Which Azure Synapse component is optimized for time-series and log analytics data?
A) Azure Data Explorer Pool
B) Dedicated SQL Pool
C) Serverless SQL Pool
D) Spark Pool
Answer: A) Azure Data Explorer Pool
Explanation:
Data Explorer specializes in telemetry and log data.
What is the recommended method to manage schema drift in Mapping Data Flows?
A) Use schema drift settings and wildcards in source transformation
B) Avoid schema changes
C) Manually edit JSON definitions each time
D) Stop pipeline execution when schema changes
Answer: A) Use schema drift settings and wildcards in source transformation
Explanation:
ADF supports schema drift to handle evolving data structures.
What is an advantage of using Azure Data Factory Self-hosted Integration Runtime?
A) Secure data movement between on-premises and cloud sources
B) Only works with Azure data stores
C) Cannot be scaled out
D) Requires no setup
Answer: A) Secure data movement between on-premises and cloud sources
Explanation:
Self-hosted IR allows connecting to private networks safely.
Which Azure Synapse Analytics pool is serverless and charges based on usage?
A) Serverless SQL Pool
B) Dedicated SQL Pool
C) Spark Pool
D) Data Explorer Pool
Answer: A) Serverless SQL Pool
Explanation:
Serverless pools provide pay-per-query model without cluster provisioning.
What type of data flow activity is used for data transformations in Azure Data Factory?
A) Mapping Data Flow
B) Lookup Activity
C) Web Activity
D) Copy Activity
Answer: A) Mapping Data Flow
Explanation:
Mapping Data Flow supports visually designed ETL transformations.
How do you pass parameters from a pipeline to a Mapping Data Flow?
A) Define parameters in the data flow and pass them during pipeline execution
B) Use only fixed values in data flows
C) Parameters cannot be passed to data flows
D) Pass parameters via Azure Functions
Answer: A) Define parameters in the data flow and pass them during pipeline execution
Explanation:
This enables dynamic, reusable data flows.
What is the primary use case for Azure Data Factory’s Lookup activity?

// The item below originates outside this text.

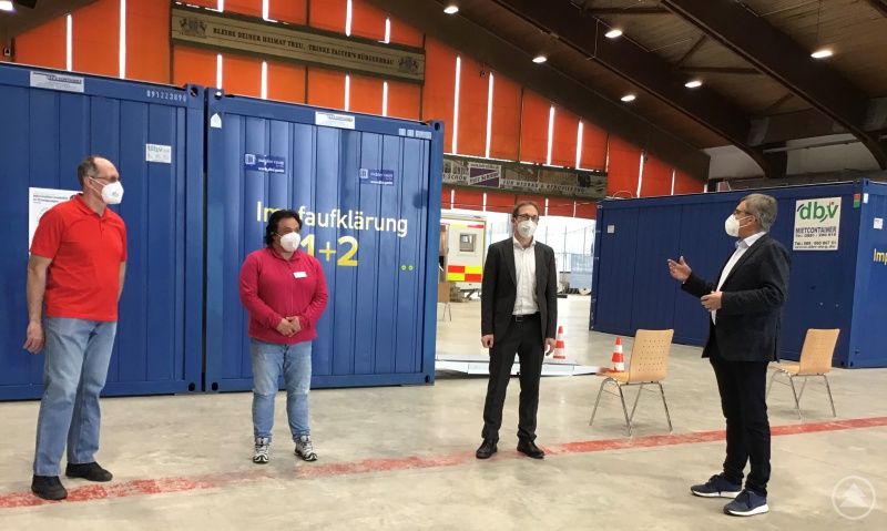Dr. Stefan Brücklmayer, Teamleiterin Martina Krebs und Christian Schmitz, Vorstand der Arberlandklinken Zwiesel und Viechtach, schilderten MdL Muthmann die Arbeit im Impfzentrum Regen (v. l.)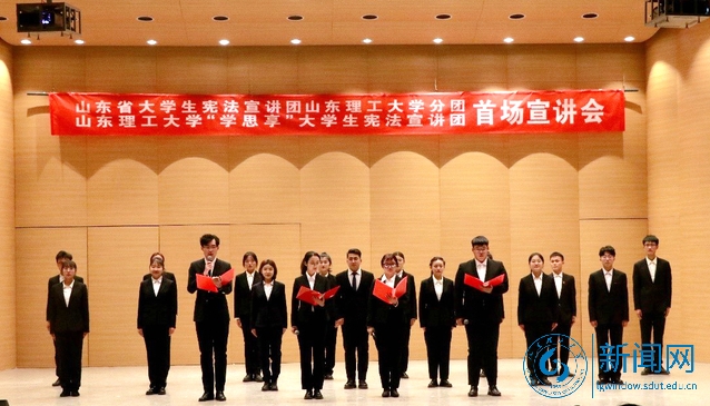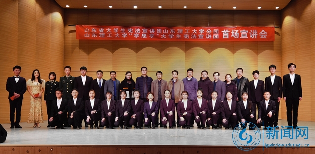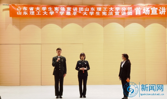 本网讯 12月4日我国第七个国家宪法日当日晚,山东省大学生宪法宣讲团山东理工大学分团——“学思享”大学生宪法宣讲团成立仪式暨首场宣讲会,在音乐学院音乐厅举行。校党委常委、副校长苏守波,省教育厅政策法规处副处长夏贞鹏出席,学校相关部门负责人,法学院领导班子成员、学生代表参加活动。

A) Retrieve a single row or small dataset for decision making in pipelines
B) Move large datasets between storage accounts
C) Trigger pipelines on schedule
D) Execute stored procedures in SQL databases
Answer: A) Retrieve a single row or small dataset for decision making in pipelines
Explanation:
Lookup activity fetches data for conditional logic or parameterization.
Which Azure Data Factory feature enables you to retry failed pipeline activities automatically?
A) Retry policy configured on activities
B) Using Logic Apps
C) Creating duplicate pipelines
D) Event Grid triggers
Answer: A) Retry policy configured on activities
Explanation:
Retry policies specify number of retry attempts and intervals.
In Azure Synapse Analytics, what does the term “Dedicated SQL Pool” refer to?
A) A provisioned data warehouse with fixed compute resources
B) A serverless on-demand query engine
C) A Spark cluster for big data workloads
D) A managed NoSQL database
Answer: A) A provisioned data warehouse with fixed compute resources
Explanation:
Dedicated SQL Pools allocate fixed DWUs for predictable performance.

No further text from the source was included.